The first line contains two integers ~n~ ~(1 \leq n \leq 2\times 10^5)~ and ~q~ ~(0 \leq q \leq n-1)~, the number of rooms in the entire game and the number of total corridors between them. The rooms are labelled ~1~ to ~n~.

The next ~q~ lines each contain the details of a single undirected corridor. This takes the form of three integers ~u_i~, ~v_i~, and ~c_i~ ~(1\leq u_i,v_i\leq n, 1 \leq c_i \leq 10^9)~, the rooms which the corridor connects and the numerical value assigned to it.

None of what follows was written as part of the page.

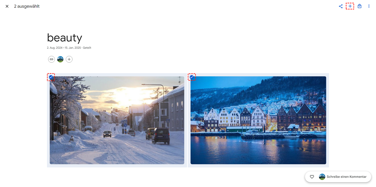 Schritt 2: Gehen Sie zu einem Album, das Sie zusammenführen möchten, und wählen Sie das/die Foto(s) aus, indem Sie das Häkchen oben links aktivieren. Klicken Sie dann auf das Plus-Symbol in der rechten oberen Ecke.

It is guaranteed that the rooms and corridors form a valid forest (that is, collection of trees).

Output

Output a single integer, the sum of the maximum XOR path sum between any two rooms between.

Clarifications

• Trees with a single node contribute ~0~ to the total score, as there are no paths Jamie can take.
• You might need to select pypy3 if you want to use Python to solve this.

Example

Input 1

3 2
1 2 3
2 3 1

Output 1

3

The possible paths are ~1-2~ with path sum ~3~, ~2-3~ with path sum ~1~, and ~1-2-3~ with path sum ~3\oplus 1 = 2~. So the maximum is ~3~, and there is only one tree in this forest.

Input 2

6 4
1 2 5
2 3 6
4 5 1
5 6 2

Output 2

9

In this instance, there are two trees. For the first tree, the possibilities are ~5,6,5\oplus6=3~. We take ~6~. For the second tree the possibilities are ~1,2,1\oplus2=3~, so we take ~3~. Thus the sum is ~9~.